Reproduce exactly the lines from the start of the records through the line containing "Ανδρικά slip on", both included. Leave the pictures out.

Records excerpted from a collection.
· · ·

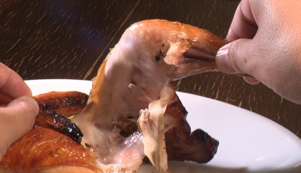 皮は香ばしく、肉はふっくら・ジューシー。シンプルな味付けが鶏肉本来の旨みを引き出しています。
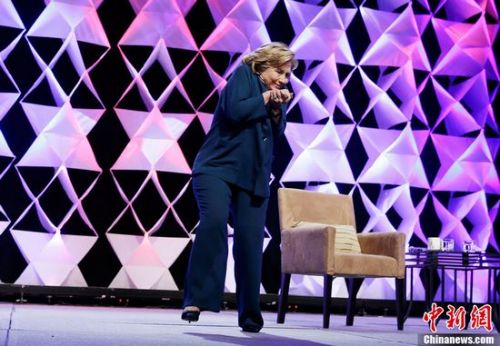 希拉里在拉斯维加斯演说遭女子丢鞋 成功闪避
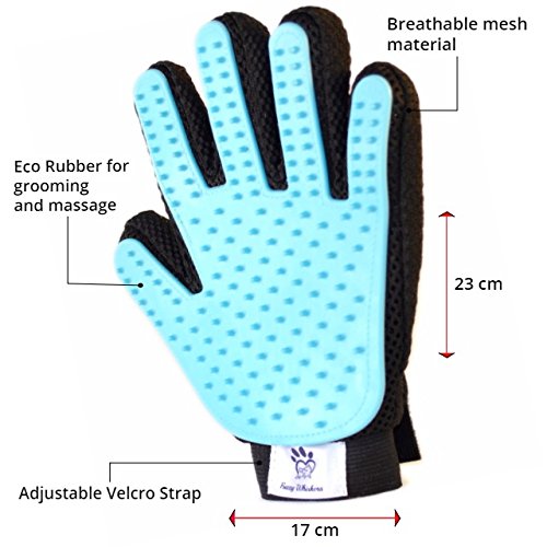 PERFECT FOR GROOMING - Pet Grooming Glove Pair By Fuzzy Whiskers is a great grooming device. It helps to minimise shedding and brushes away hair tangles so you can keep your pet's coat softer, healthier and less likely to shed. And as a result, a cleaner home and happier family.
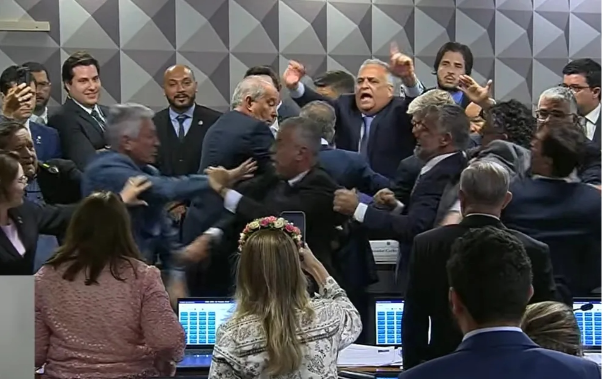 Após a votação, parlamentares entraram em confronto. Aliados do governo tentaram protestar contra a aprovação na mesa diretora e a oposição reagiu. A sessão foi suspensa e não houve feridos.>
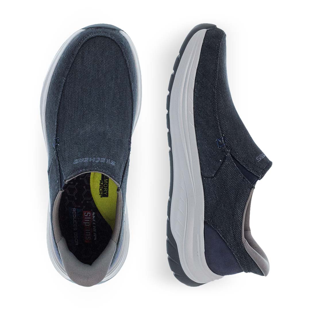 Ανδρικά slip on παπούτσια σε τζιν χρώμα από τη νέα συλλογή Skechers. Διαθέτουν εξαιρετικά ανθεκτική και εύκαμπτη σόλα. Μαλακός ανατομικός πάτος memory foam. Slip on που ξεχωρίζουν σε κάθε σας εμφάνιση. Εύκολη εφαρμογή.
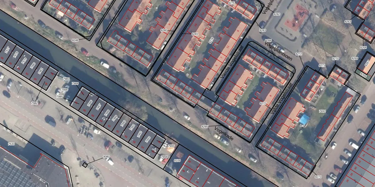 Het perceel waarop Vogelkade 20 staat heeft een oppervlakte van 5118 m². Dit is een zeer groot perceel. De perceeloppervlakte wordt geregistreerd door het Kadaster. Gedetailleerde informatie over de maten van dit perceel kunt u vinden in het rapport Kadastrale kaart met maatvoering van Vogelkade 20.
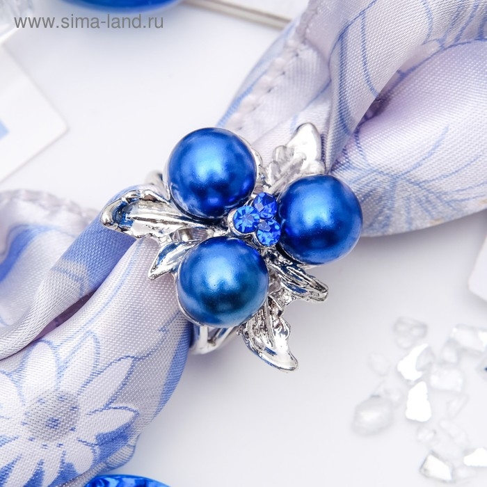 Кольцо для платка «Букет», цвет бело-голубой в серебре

· · ·

Solution.
 皮は香ばしく、肉はふっくら・ジューシー。シンプルな味付けが鶏肉本来の旨みを引き出しています。
 希拉里在拉斯维加斯演说遭女子丢鞋 成功闪避
 PERFECT FOR GROOMING - Pet Grooming Glove Pair By Fuzzy Whiskers is a great grooming device. It helps to minimise shedding and brushes away hair tangles so you can keep your pet's coat softer, healthier and less likely to shed. And as a result, a cleaner home and happier family.
 Após a votação, parlamentares entraram em confronto. Aliados do governo tentaram protestar contra a aprovação na mesa diretora e a oposição reagiu. A sessão foi suspensa e não houve feridos.>
 Ανδρικά slip on παπούτσια σε τζιν χρώμα από τη νέα συλλογή Skechers. Διαθέτουν εξαιρετικά ανθεκτική και εύκαμπτη σόλα. Μαλακός ανατομικός πάτος memory foam. Slip on που ξεχωρίζουν σε κάθε σας εμφάνιση. Εύκολη εφαρμογή.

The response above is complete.